For all their promise, digital therapeutics are still a novelty among doctors. Matteo Berlucchi, a “serial digital entrepreneur” who founded Healthily, an AI self-care app and website, reckons that it may take as much as 15 years for digital therapies to be used as much as pills are today. It often takes a decade or two for innovative drugs to become widely used because clinicians and insurers are very conservative groups, says Murray Aitken from IQVIA, a research firm.

That is why the makers of some digital therapeutics are partnering with pharmaceutical companies, which have the sales teams to market their products to doctors. Financially this is small beer for big pharma. Analysts put the digital-therapeutics market at $3.3bn in 2020, when pharmaceutical sales reached $1.1trn. But the market is expected to grow by about 20% a year for the next five to ten years. And such deals offer other benefits. Some pharma companies think digital therapeutics could increase their drug sales by boosting the efficacy of their drugs and the brand loyalty of their customers. If patients exercise, sleep and adhere to their drug regimen, they feel better and may have fewer side-effects. In these medication-centred models the app often has the company’s branding. For some drug makers, the biggest draw may be the fact that the apps generate vast amounts of real-time intelligence on their customers.
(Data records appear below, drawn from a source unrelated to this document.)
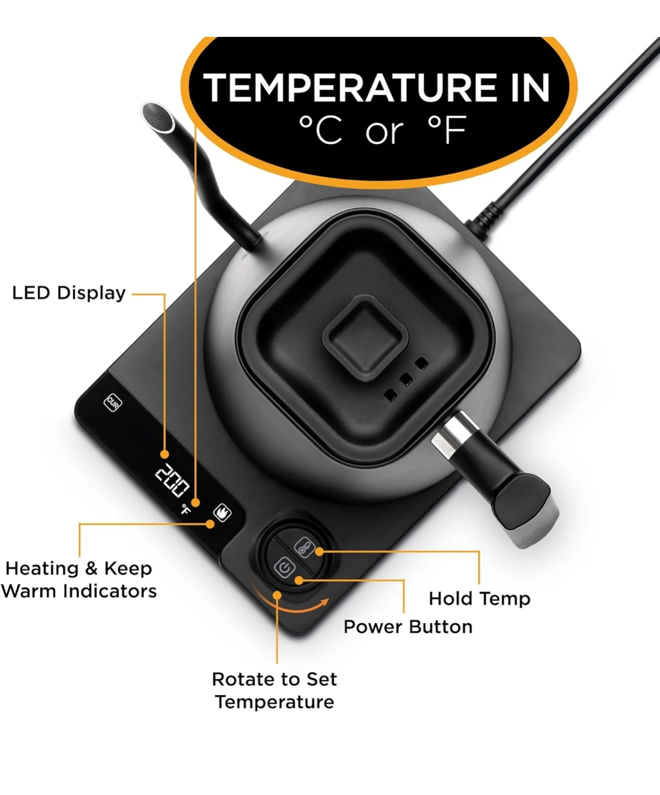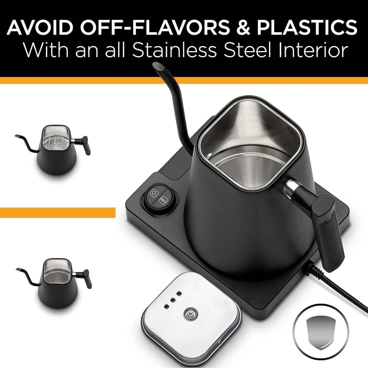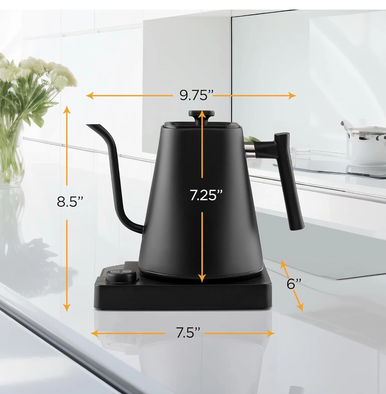 - Compact 1-liter Capacity: Perfect for those who seek efficiency, this gooseneck kettle is ideal for solo brews or intimate gatherings. Its size saves counter space without sacrificing performance, making it a smart choice for any size space–small or large.
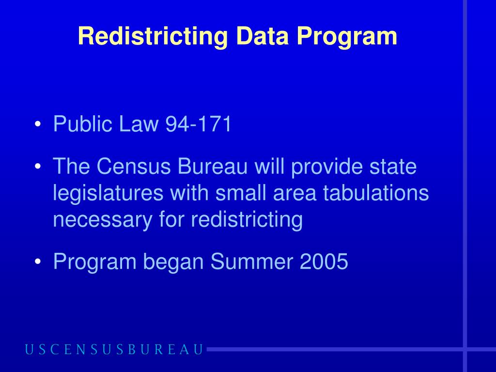 Redistricting Data Program • Public Law 94-171 • The Census Bureau will provide state legislatures with small area tabulations necessary for redistricting • Program began Summer 2005
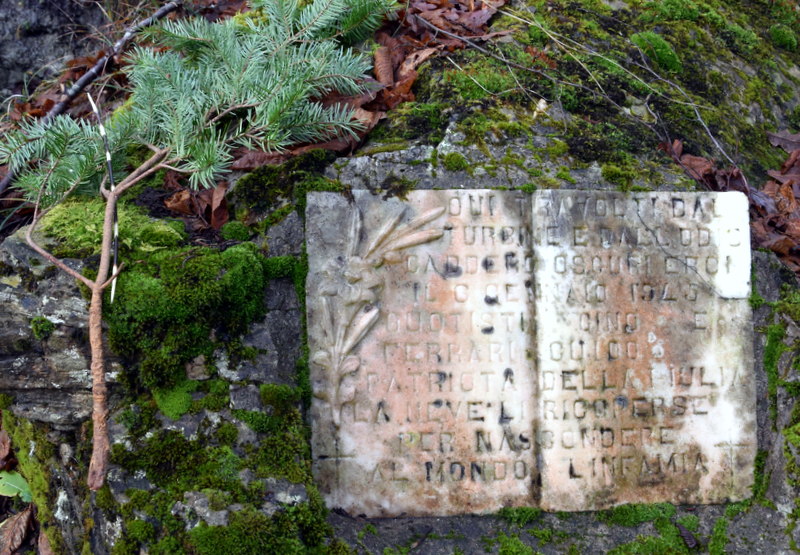 Così come quel trattino sul foglio sposa le due date e perpetua nel tempo il suo significato unificatore, allo stesso modo i nomi delle sette vittime incise sul cippo meritano di essere pronunciati come si legge uno stato di famiglia: tutti assieme e uniti, figli provenienti dalla stessa stirpe assetata di democrazia, accomunati dal tragico destino di cui è stato testimone questo fazzoletto di terra insanguinato: Giovanni Castagnoli (Michele), Vittorio Catinella (Ratà), Gaspare Ferrari (Gaspà), Guido Ferrari (Guido), Gino Quotisti (Manza), Armando Tedaldi (Bubba), Domenico Terroni (Gherry).
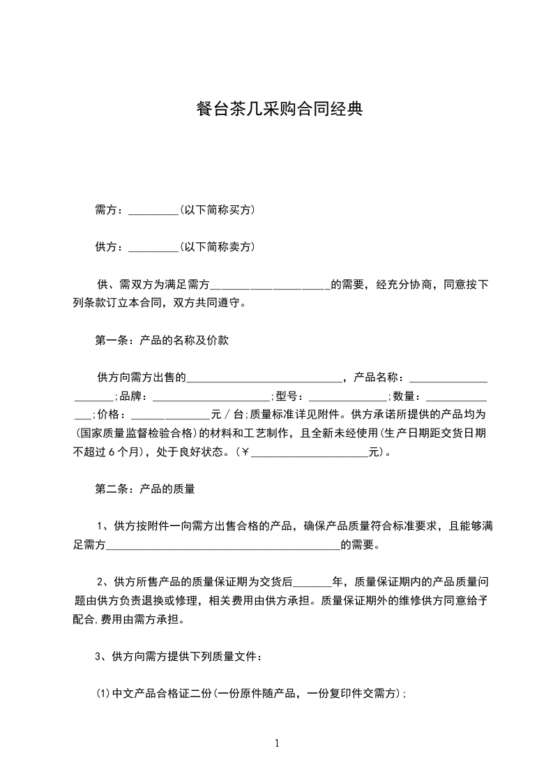 供方向需方出售的____________________________,产品名称:_____________________;品牌:_____________________;型号:______________;数量:______________;价格:______________元∕台;质量标准详见附件。供方承诺所提供的产品均为(国家质量监督检验合格)的材料和工艺制作,且全新未经使用(生产日期距交货日期不超过6个月),处于良好状态。(¥_____________________元)。
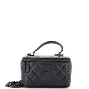 Elevate your style with the Chanel So Black Top Handle Vanity Case. Crafted from luxurious quilted lambskin, this small-sized case exudes sophistication and elegance. The sleek black design is accentuated by the iconic chain handle, adding a touch of glamour to any outfit.
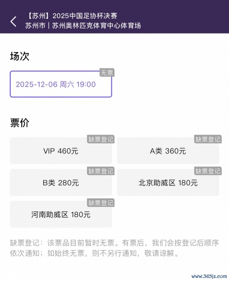 本场总决赛 的球票于今天(11月6日)10:58在多个平台同时发售,销售火爆,布莱顿开售即售罄。
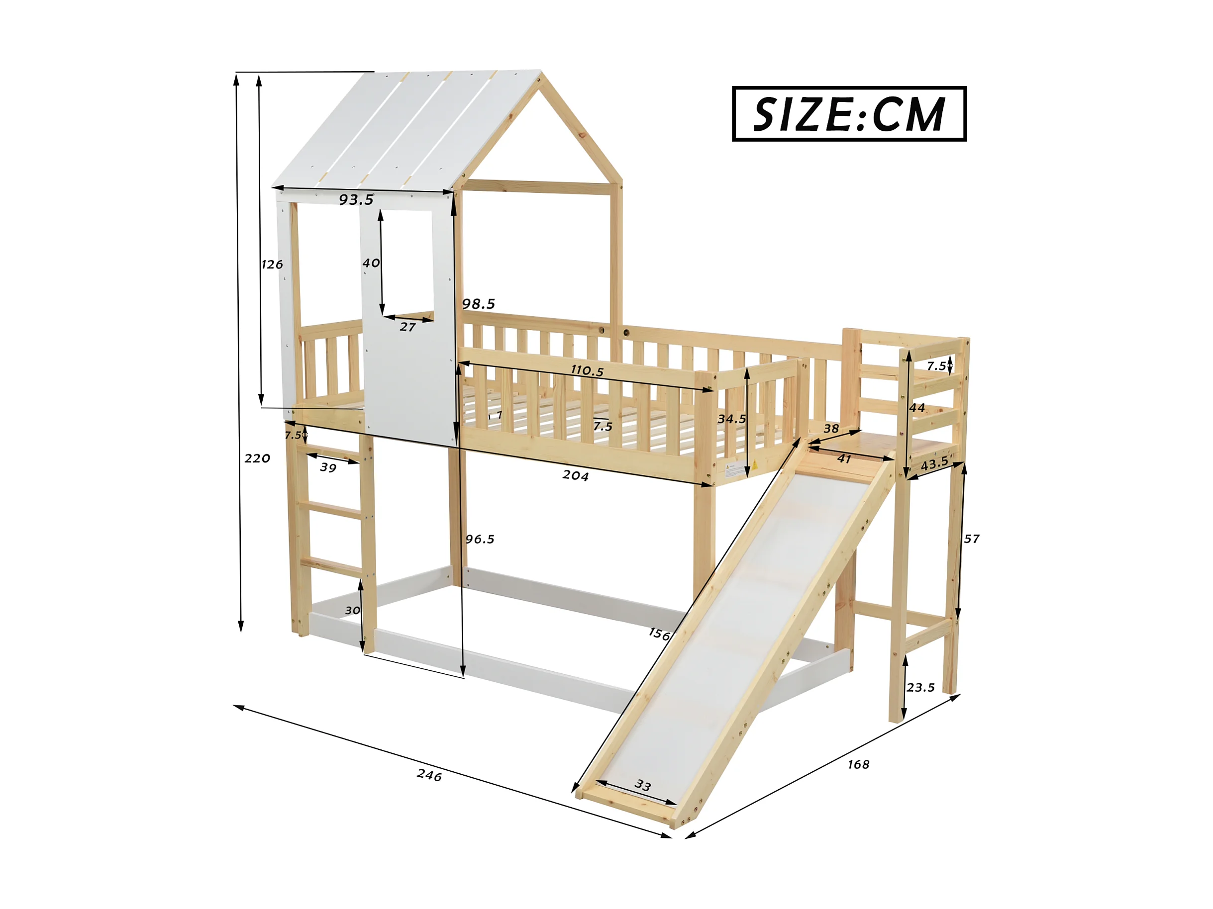 Letto a castello 90x200cm - letto a castello per bambini con scaletta, scivolo, tetto e finestra - anticaduta - letto in pino naturale + bianco
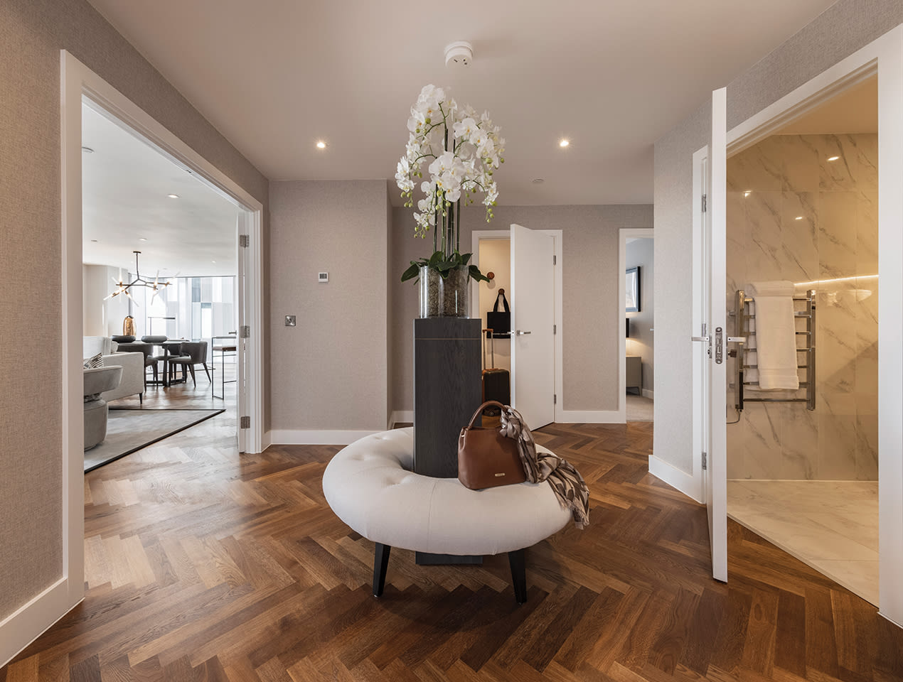 The wood flooring has been used across the main living area, hallway and kitchen – delivering a sophisticated and superior aesthetic.
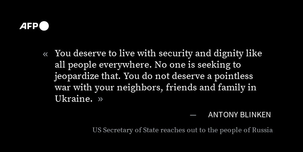 US Secretary of State Antony Blinken has reached out to the people of Russia in their own language, saying they do not deserve a "pointless war" against their Ukrainian neighbors
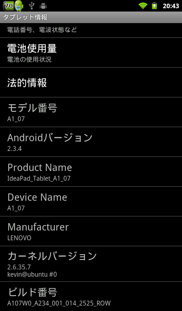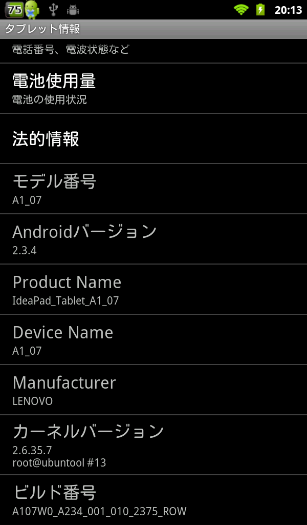 Lenovo IdeaPad Tablet A1がアップデートしました、日本語フォントに対応するとの噂もあるのですが今回のA107W0_A234_001_014_2525では残念ながら従来と同じく中華フォントでした。
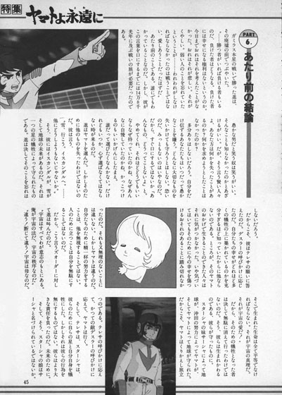 So for him there is Iscandar, Yuki, and the future of Earth. It was protected by the sacrifice of one planet. Kodai never forgot that. Therefore, he responded to the wish of Teresa [Yamato 2]. He responded to the call of Dessler [The New Voyage]. It was because he understood full well that one’s happiness is built on the sacrifices of others.
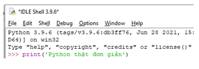 Câu F3 trang 20 SBT Tin học 10: Em hãy viết câu lệnh trong cửa sổ Shell để hiển thị ra màn hình dòng chữ “Python thật đơn giản!”
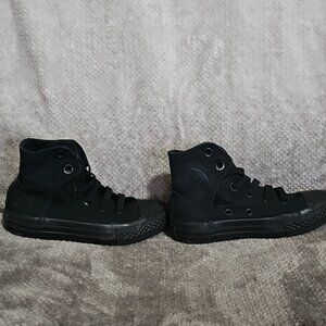 Stylish black high-top sneakers. Perfect for casual wear. Easy on with velcro on either side. Some of the grommets have wear.
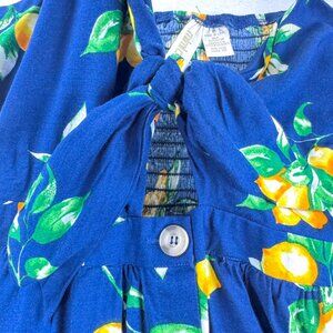 Mimi Chica XL Lemon Print Dress - Navy Blue with Pockets, Keyhole Front, NWT
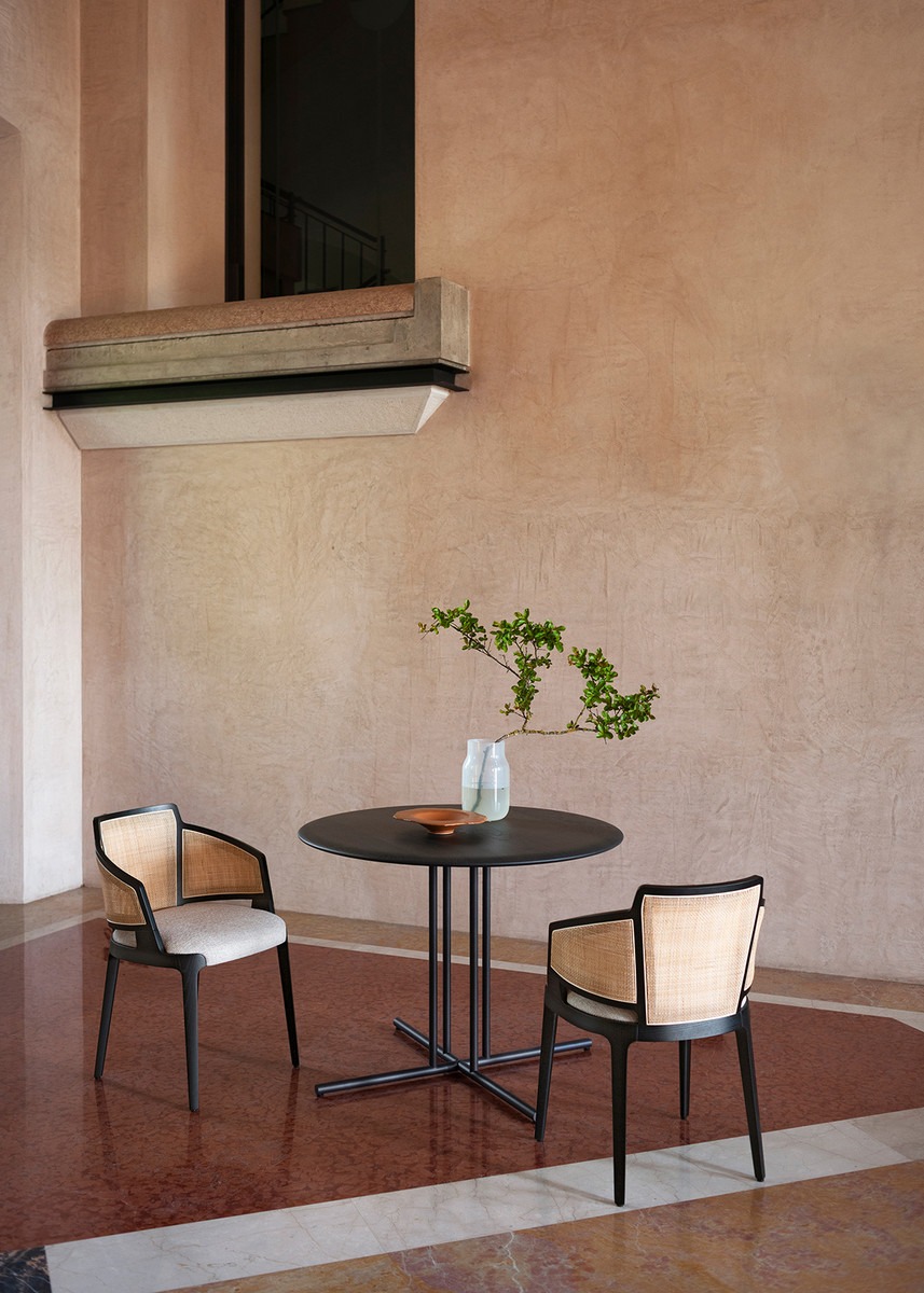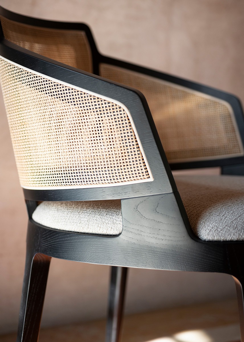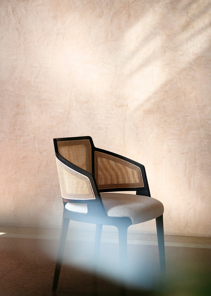 The Velis Cane armchair features an all-cane backrest characterized by an even more elegant and rigorous profile. Essential lines, balanced proportions and refined design are the fil-rouge that unites the elements that make up the collection, which adapts to the different needs of daily living, both in residential and contract settings.

Even in a supporting role to conventional health care, though, digital therapeutics could eventually transform medicine. Those that target the workings of the brain are some of the most exciting. MedRhythms, based in Boston, has produced a therapy that uses music to restore movement-related brain connections in people undergoing rehabilitation after a stroke. Sensors attached to patients’ shoes measure gait and feed the results into an AI-based algorithm that mixes a customised beat into a playlist chosen by the patient—like a personalised DJ of sorts. The therapy is in clinical trials for strokes and there are plans to test it for Alzheimer’s, multiple sclerosis and Parkinson’s disease.

Chrissy Bellows, a 74-year-old stroke survivor in Maine, is one of the early-trial participants. She had been told that improvement in her condition was highly unlikely more than two years after her stroke. That meant being dependent on her husband to walk, a few steps at a time. After the Med Rhythms treatment, however, she can walk up to 100 metres without support. Her husband recalls a therapy session in which she was walking towards a set target but suddenly stood still, as if her leg couldn’t move. It turned out the music had stopped. Such is the power it has over the brain’s control of the body.

Cognito’s Mr Vaughan thinks that digital therapeutics will play a big role in conditions that are now hard to treat, such as brain disorders. “I think that 15-20 years from now the idea that you give someone a systemic drug, either a pill or an injection, hoping that some small amount of it gets into the brain and then it actually changes electrical activity in the brain before the rest of it piles up in your liver or kidneys and causes a problem…I think we’re going to look back on that as going after flies with hammers.”